Casal died in 2019 shortly after completing the band's eponymous fourth offering. Bassist
Dan Horne, drummer
Mark Levy, and keyboardist
Adam MacDougall employed a revolving cast of guitarists before hiring
John Lee Shannon.
The guitarist and composer is a sideman with
Zephaniah Ohora and Kenny Roby among others. He released fine solo album
In & Of in 2020. As evidenced by the six-track, 40-minute
Language, he's a good fit.
Shannon is never obtrusive or showy.

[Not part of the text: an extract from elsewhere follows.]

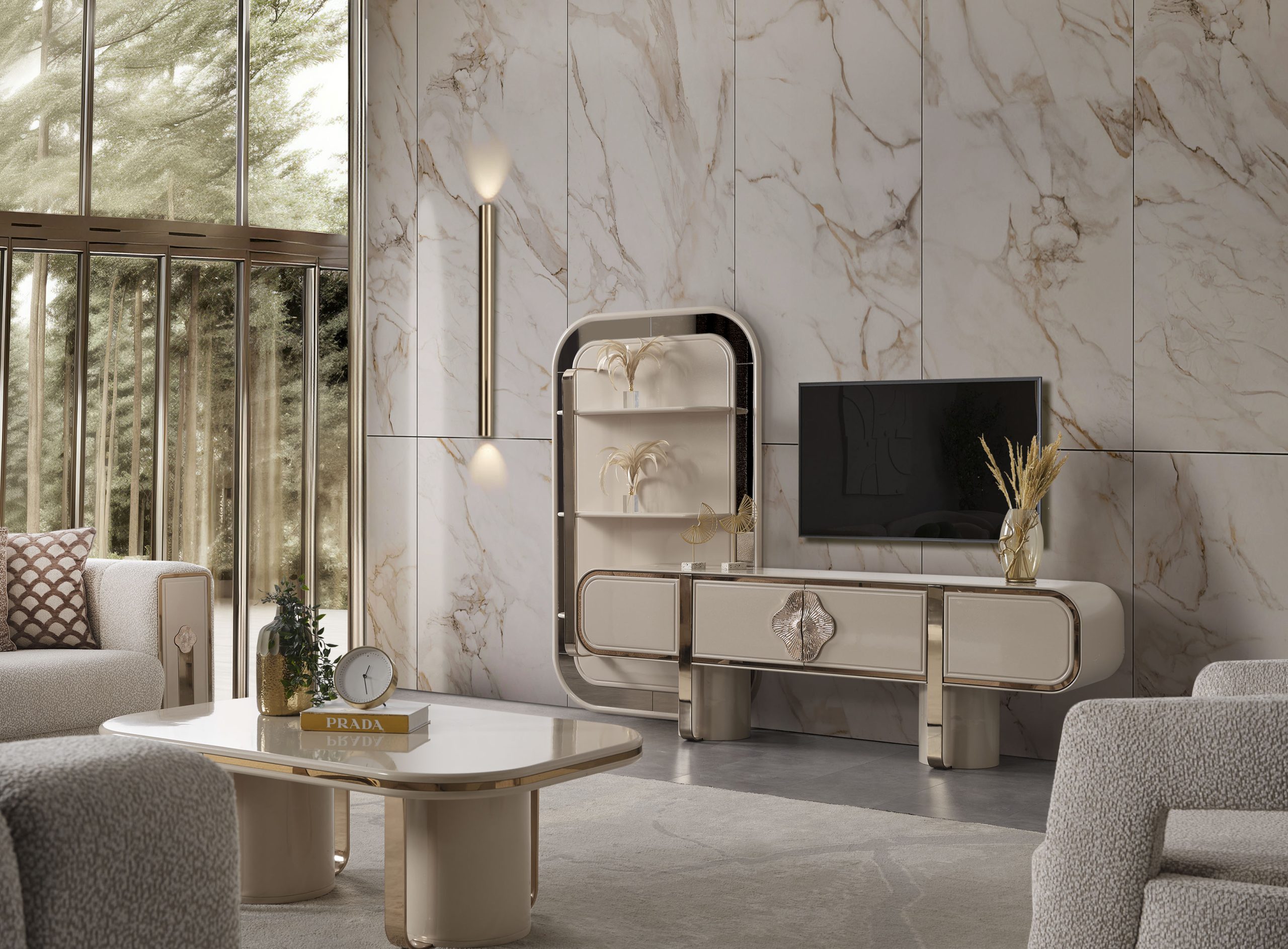 - تصميم خالد: خطوط حديثة ولمسات كلاسيكية تحافظ على أناقة الصالون على المدى الطويل.

He is fluid and mercurial, a gifted fingerstyle player, a roots stylist, and an intuitive, lyrical soloist whether playing acoustic or electric.
Opener "Third Sunrise Over Gliese 667" is deep psych and nods directly at
Pink Floyd (think
Atom Heart Mother and
Meddle). Swelling organ and a fat bassline set a gently majestic progression as
Levy paces with rim shots, angular breaks, and reverbed tom-toms.
Shannon fingerpicks, adds leads, and eventually, a soaring solo. "The Singularity" is more abstract, saturated with keyboard sounds that include chimes, bells, ringing electric pianos, ambient noise, and percussion loops.
Shannon,
Levy, and
Horne carry the progression's heft as wizard
MacDougall channels more sounds. It segues into one of the set's finest moments. "Outer Boroughs" opens with a tight wah-wah guitar line that loosely recalls
Frank Zappa's "Peaches en Regalia" before intersecting with jazzed-up fusion keys, string sounds, plodding bass, and an aggressively shuffling drum kit. In the bridge,
Shannon's guitar aping a sitar reintroduces the theme before it gives way to group interplay, complete with funky clavinet that moves far out on the groove ledge. "Away Team" is a spacy, jazz-funk rave-up with interlocking keyboard patterns meeting propulsive, dancing snares, hi-hats, and kick drums.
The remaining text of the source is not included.